Petrified Blood can prevent you from being one-shot by extremely large hits by smoothing out the damage intake. However, it does not make you invulnerable. If the portion of the hit that is not spread out as life loss over time is still large enough to kill you, you will still die.

9. Can I use Petrified Blood without building a low-life character?

Yes. You can use Petrified Blood without specifically building a low-life character. However, you must still ensure that you have adequate life recovery to counteract the life loss. In these cases, it’s important to weigh the benefits of the damage smoothing against the drawbacks of the reduced life pool and constant life loss.

10. What are some good ascendancy classes for Petrified Blood builds?

Pathfinder (for flask sustain), Champion (for fortify and armor), and Juggernaut (for endurance charges and life regeneration) are all popular choices for Petrified Blood builds.

11. Does Petrified Blood affect damage reflected back to me?

Since Petrified Blood only affects life; it does not affect damage redirected to energy shield or mana.

12. What are the best support gems to use with Petrified Blood?

Enhance Support is a good option to increase the buff effect of Petrified Blood.

13. Does Anomalous Petrified Blood work?

Anomalous Petrified Blood is a spell that reserves mana to protect the character’s life in the low life threshold by causing a portion of the immediate life loss from hits to take effect over time instead.
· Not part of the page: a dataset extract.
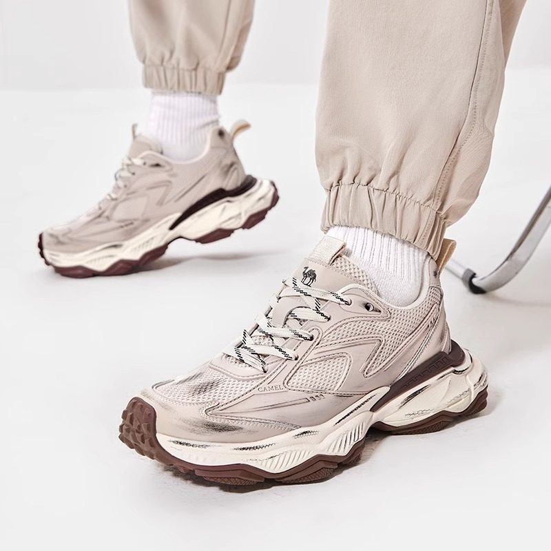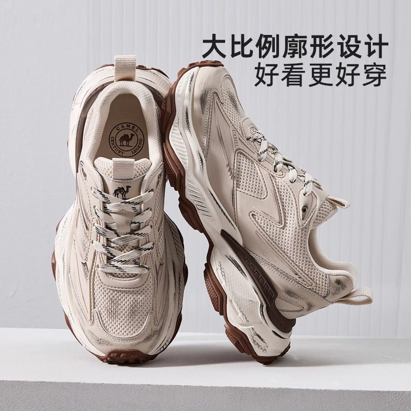 骆驼男鞋运动鞋2025秋季新款潮流复古老爹鞋男网面透气厚底休闲鞋

14. How does toxic rain scale with Petrified Blood?

Toxic Rain has different ways to be scaled and we chose the Damage over Time. So, the way Toxic Rain works is that it fires a number of arrows when it gets used. These arrows do “on hit” damage, which doesn’t scale much with levels, but more so with added damage from gear, supports, and other such things.

15. Why low life poe?

The advantages to being low life: Ability to use Pain Attunement passive skill that grants more spell damage when on low life. Ability to use Bloodthirst Support for attack skills on life-based low life builds. You are Cursed with Vulnerability, with 80% increased EffectDeath is your most important duty.

In conclusion, Petrified Blood is a powerful and versatile tool that can greatly enhance your survivability in Path of Exile if used correctly and with careful planning. By understanding its mechanics and limitations, you can effectively leverage it to create a more resilient and successful character. You can explore educational resources related to gaming at GamesLearningSociety.org. Good luck, Exile!